Practically, this finding elevates dLMs as competitive tools for automated prompt design. They can:
- Compress few-shot knowledge into highly effective, transferable prompt templates
- Substitute for intrusive external optimization pipelines in tasks needing adaptive prompt engineering
- Enhance interoperability and robustness in prompt-based LLM deployments
The complementarity to autoregressive prompt optimization methods (such as OPRO, GEPA, and DSPy pipelines) points toward unified frameworks leveraging both evolutionary search and targeted infilling for controllable prompt construction.

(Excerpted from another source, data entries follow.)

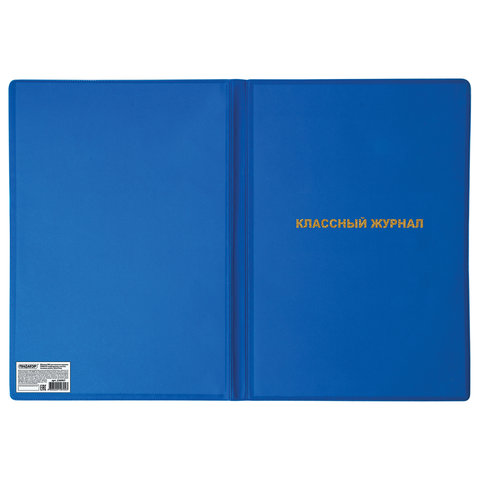 Непрозрачная плотная обложка ПИФАГОР синего цвета с золотым тиснением для классного журнала изготовлена из картона плотностью 235 гр/м2 и поливинилхлорида (ПВХ) толщиной 250 мкм. Размер 305х475 мм. Традиционная, с двумя клапанами, без возможности регулировки по ширине.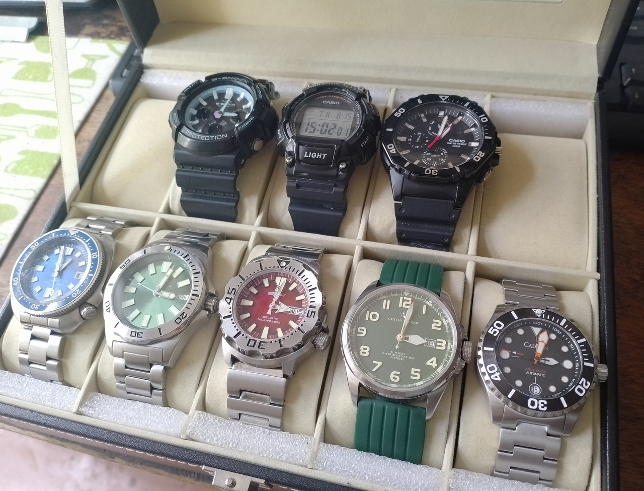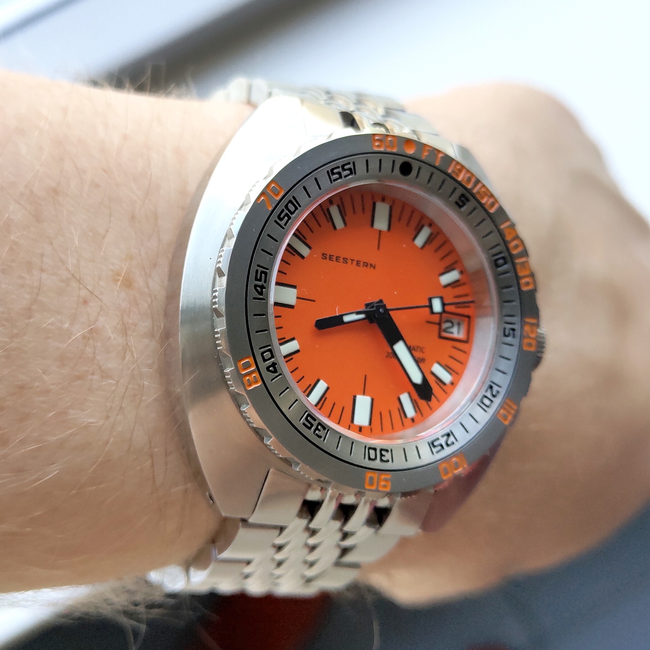 К сожалению, люм красивый лишь на фото, по факту - его, считай, нет, потому не стал и выкладывать фото с ним. Но когда я заказывал, я об этом знал, такое же г... на адиесдайвах используется в синем варианте, на фото у продавца было уже по фото понятно, что нормального люма нет, всё, что не C3 - не светится нормально. Но цена уж больно по акции вкусная была, да и часы, в целом, отличные, аккуратные такие часики. Кстати, первый день из коробки шли +20сек, спустя насколько дней идут -1сек -::- +5 сек, наверное, расходились. Ношу не снимая несколько дней - очень удобная посадка, удобная коронка, удобный безель, хорошо обработанный браслет, жалко люма недоложили :-)
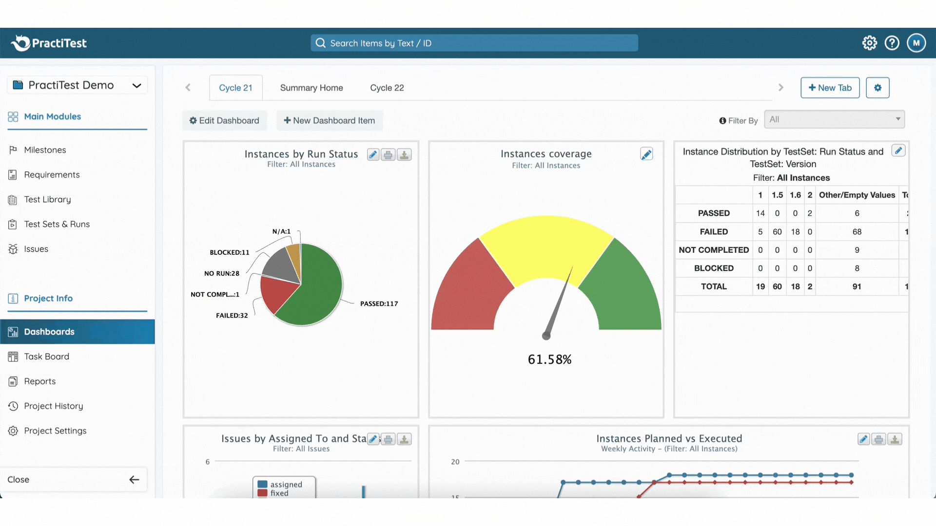 The PractiTest dashboard provides a detailed overview of your projects. View real-time data showing the portion of your planned tests that were executed, how many tests passed, how many open issues are waiting to be solved, and more. The dashboard enables you to manage not only your data, but your entire team. See how the workload is distributed, identify bottlenecks, and so on.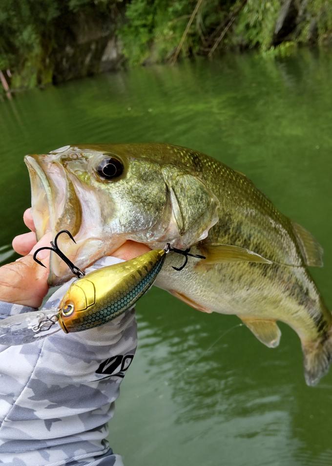 今週もいつもの津久井湖です。 台風の影響による濁りを期待し、強気のタックルでシャロー勝負に出撃したのですが水位変動なし、濁りなし、ゴミなし・・・。 タックルセレクトを間違えた感満載(笑) 変わったのは水温が2度ほど下がった程度ですかね。 何か良さそうな変化を探しながら下流から道志川のバックウォーターまで右往左往。 結果としては水深のあるレイダウンなどをカバーネコで狙いグッドサイズを2本キャッチ! その他、巻物はちょっと厳しくルアーのサイズを下げて喰わせ寄りの攻めでなんとな絞り出す感じでしたが、30㎝ちょっとぐらいまでのサイズに遊んでもらいましたよ。 この時期になるとベイトのレンジが下がり、浅いレンジの攻めが厳しくなってきましたね。 そろそろディープメインに切り替えた方がいいかも知れませんね。

Future directions include systematic investigation of finer-grained masking schedules, studies of generalization to zero-shot and cross-linguistic setup, extension to multimodal prompt infilling, and the development of defensive (anti-leakage) and interpretability tools for prompt reconstruction.
Conclusion
Extending SFT with full-sequence masking unlocks prompt infilling in diffusion LMs, not by architectural enhancement but by correcting the training signal. Empirical evidence across reasoning and evaluation tasks supports that appropriately-trained dLMs achieve state-of-the-art prompt generation and transfer, enabling highly compressed, effective templates that generalize across models. This result motivates re-examination of current fine-tuning conventions throughout the language modeling landscape, emphasizing the pivotal role of training protocol as a lever for model capability.